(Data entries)
--*--
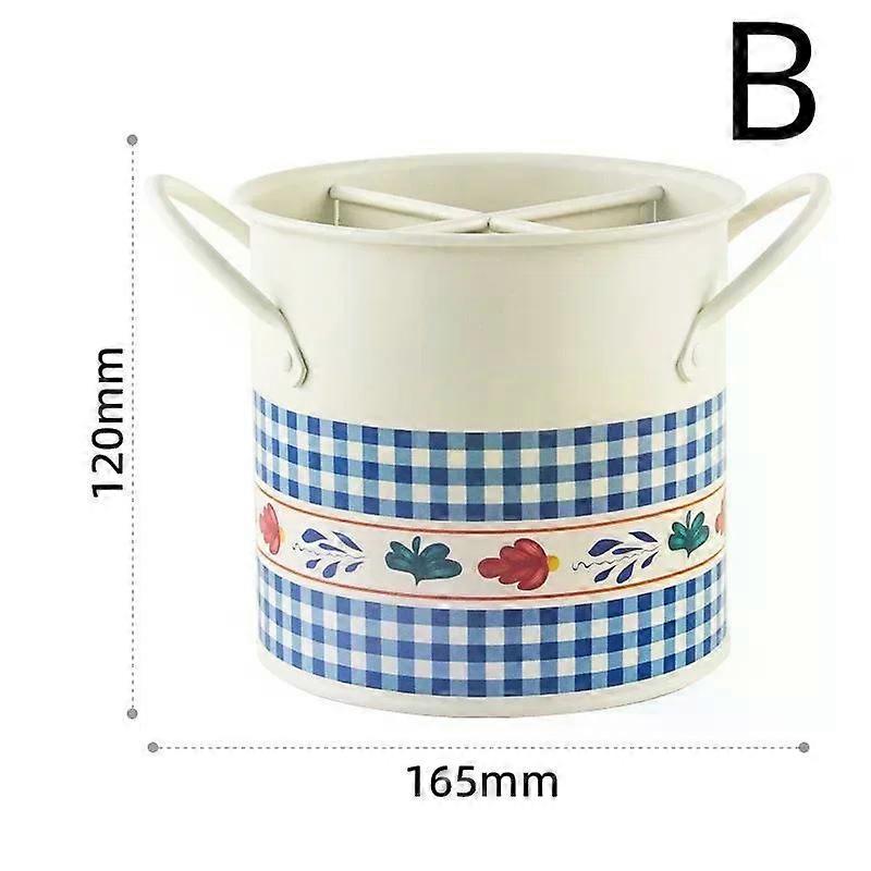 Retro Tableware Storage Bucket Draining Rack with Divider Kitchen Knife and Fork Storage Box Home Decoration for Kitchen Tools
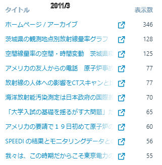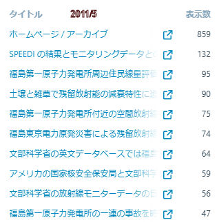2011年3月11日、東京電力福島第一原子力発電所のメルトダウン事故からの放射能災害が発生した年。放射能汚染に関し収集可能であったわずかの公表データーベースから私が分析投稿した幾つかの記事の積算参照数は現在までで1万表示あまり、1投稿タイトル当たりの参照数は130。1か月あたりの参照数の最大値2011年4月はいまだに破られていません。
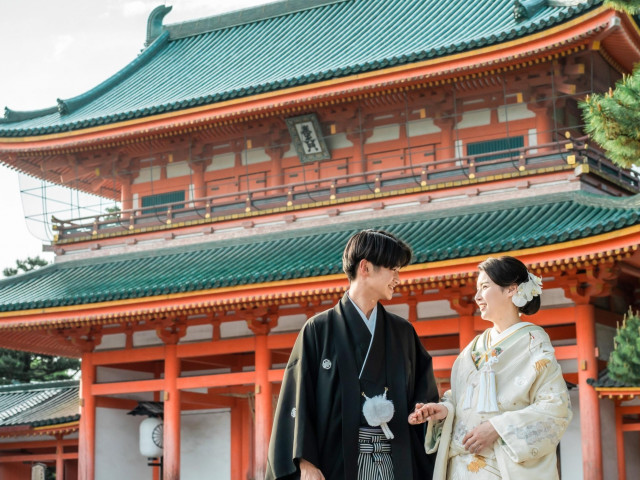 |平安神宮ならではのフォトスポットをご紹介|国の名勝にも指定されている10,000万坪の日本庭園「神苑」をじっくりご案内!京都らしさと非日常を存分に感じていただける最高のロケーションで感動をゲストに。
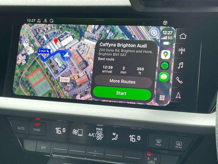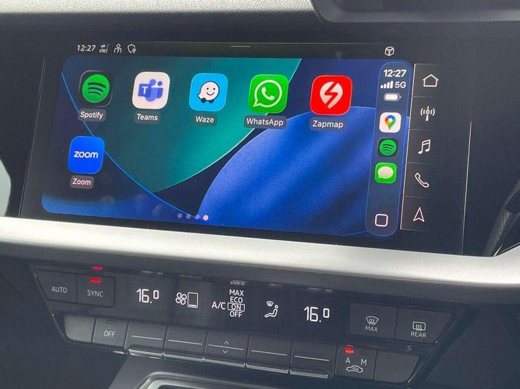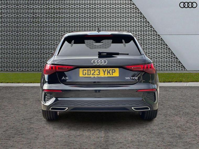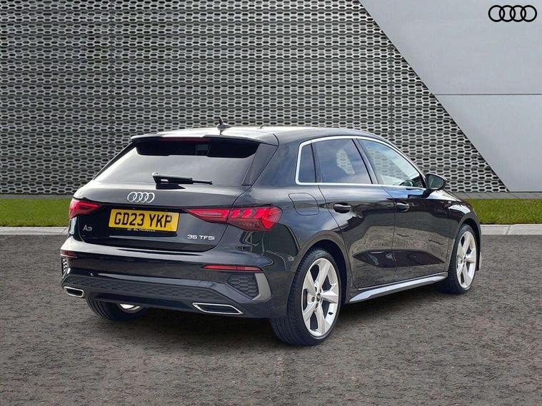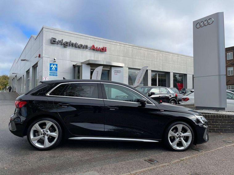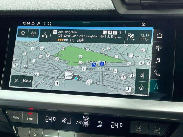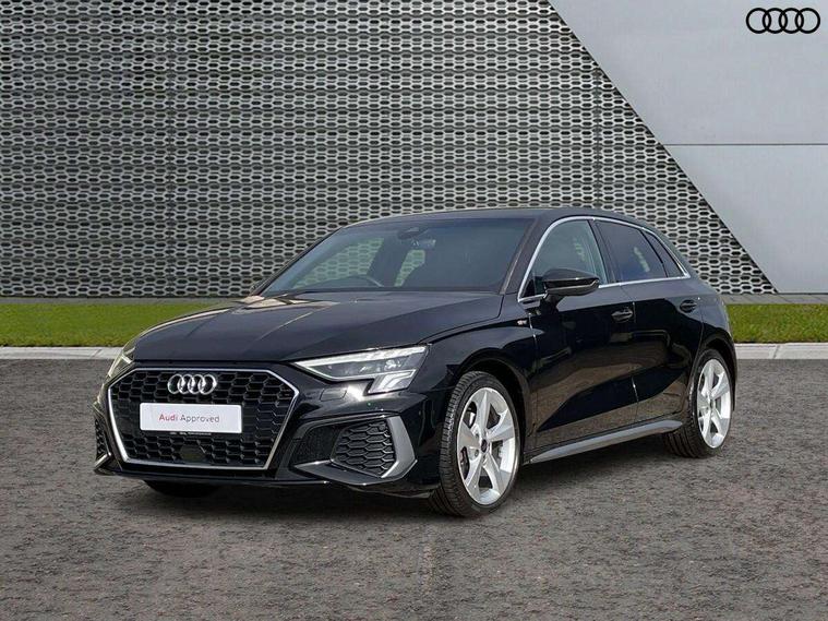 Audi drive select (Auto, Comfort, Dynamic, Efficiency and Individual), Audi smartphone interface, Audi Virtual Cockpit - 10.25" digital and colour instrument cluster, Automatic start/stop system with recuperation, Bluetooth interface, Camera based traffic sign recognition, Collision avoidance assistant, e-Call (emergency call), Electromechanical power speed sensitive steering, Lane departure warning system, MMI Navigation Plus with high resolution 10.1" colour touch screen display, Service indicator, Trip computer, Voice control system with natural language interaction, Sports suspension, 2xUSB-C connection with data and charging functions, 6 passive loudspeakers, DAB Digital radio, 3rd brake light, Acoustic glass windscreen, Aluminium window trim, Auto dimming frameless rear view mirror, Body colour exterior mirrors, Electrically adjustable/heated/folding/dimming door mirrors with kerb view includes integrated LED indications + kerb view function for passenger side, Front electric windows, Illuminated door sills with aluminium inserts at the front with S logo, LED daytime running lights, LED headlights with LED rear lights and dynamic rear indicators, Light and rain sensors, Privacy glass - dark tinted rear window, rear door and side windows, Rear electric windows, Rear side air outlets in grained matt black, Rear side wing doors, Rear wiper, S line bumpers, S roof spoiler, 12V socket and storage compartment in front centre console, 3 seat bench in 2nd row, 3 spoke leather multifunction steering wheel with paddle shift, 4 way electrically adjustable lumbar support for driver and front passenger, 60/40 split folding rear seat bench, Black cloth headlining, Dual zone electronic climate control, Front and rear centre armrest in artificial leather, Front and rear headrests, Front/rear floor mats, Height and reach adjustable steering wheel, Interior lighting - glove compartment light and right hand side, Luggage compartment floor covering, Manual boot compartment lid, Manually adjustable front seats, Seat side bolsters, Single front passenger seat, Stainless steel pedals and front footrest in black, Twin leather upholstery with front sports seats S embossed logo, Aluminium interior elements pack - A3 Sportback, LED interior lighting pack - A3 Sportback, S line styling pack - A3 Sportback, 3x3 point rear seat belts, Driver and front passenger airbag with passenger airbag deactivation, Electronic Stabilisation Control (ESC) including ABS, ASR and EDL, First aid kit with warning triangle and 2 safety vests, Front side airbags with head airbags and interaction airbag, Pre-sense front with pedestrian and cyclist detection, Seatbelt monitoring, Tyre pressure loss indicator, Anti theft alarm, Anti-theft wheel bolts, Electronically operated child locks, Immobiliser, Remote control central locking, Dark spectrum aluminium inlays, accent surfaces in the dashboard and centre console in platinum grey silk effect paint finish,
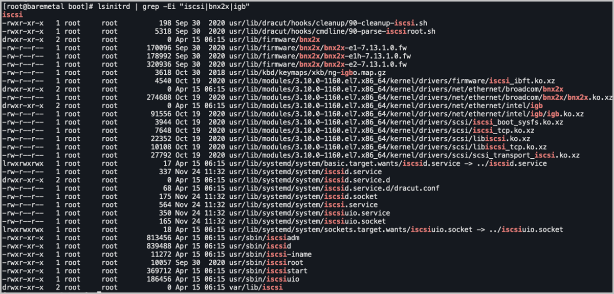echo 'add_drivers+=" bnx2x igb ixgbe megaraid_sas smartpqi"' >> /etc/dracut.conf.d/iscsi.conf //ixgbe为万兆网卡驱动,megaraid_sas和smartpqi为市场主流的两款RAID卡驱动cd /boot && dracut -flsinitrd | grep -Ei "iscsi|bnx2x|igb"
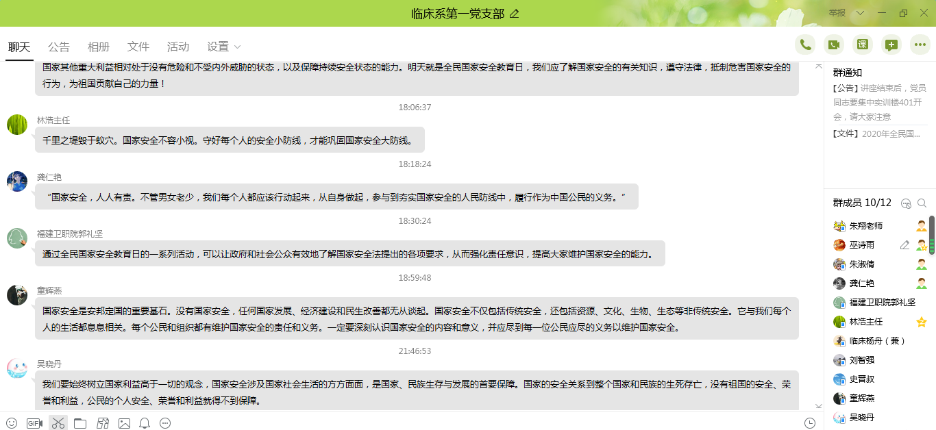 今年4月15日是第5個全民國家安全教育日,今年的主題是“堅持總體國家安全觀,統(tǒng)籌傳統(tǒng)安全和非傳統(tǒng)安全,為決勝全面建成小康社會提供堅強(qiáng)保障”。為深入學(xué)習(xí)理解習(xí)近平總書記提出的“總體國家安全觀”,提高全員維護(hù)國家安全的意識。4月15日,臨床系第一黨支部開展“國家安全教育日”主題黨日活動,此次活動由支部書記朱翔同志主持,支部全體黨員參加。
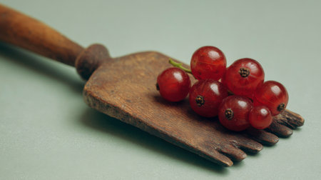 A wooden fork rests on a smooth surface with a cluster of red currants placed atop, highlighting a rustic gardening theme and fresh organic produce.
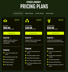 - Starting Price: Feature a clear "Starting at" price point to provide immediate transparency to prospective members.
--*--
From the entries above, copy exactly the lines starting at the one with "今年4月15日是第5個全民國" and stopping at the one with "A wooden fork", keeping both ends. Drop the pictures.

 今年4月15日是第5個全民國家安全教育日,今年的主題是“堅持總體國家安全觀,統(tǒng)籌傳統(tǒng)安全和非傳統(tǒng)安全,為決勝全面建成小康社會提供堅強(qiáng)保障”。為深入學(xué)習(xí)理解習(xí)近平總書記提出的“總體國家安全觀”,提高全員維護(hù)國家安全的意識。4月15日,臨床系第一黨支部開展“國家安全教育日”主題黨日活動,此次活動由支部書記朱翔同志主持,支部全體黨員參加。
 A wooden fork rests on a smooth surface with a cluster of red currants placed atop, highlighting a rustic gardening theme and fresh organic produce.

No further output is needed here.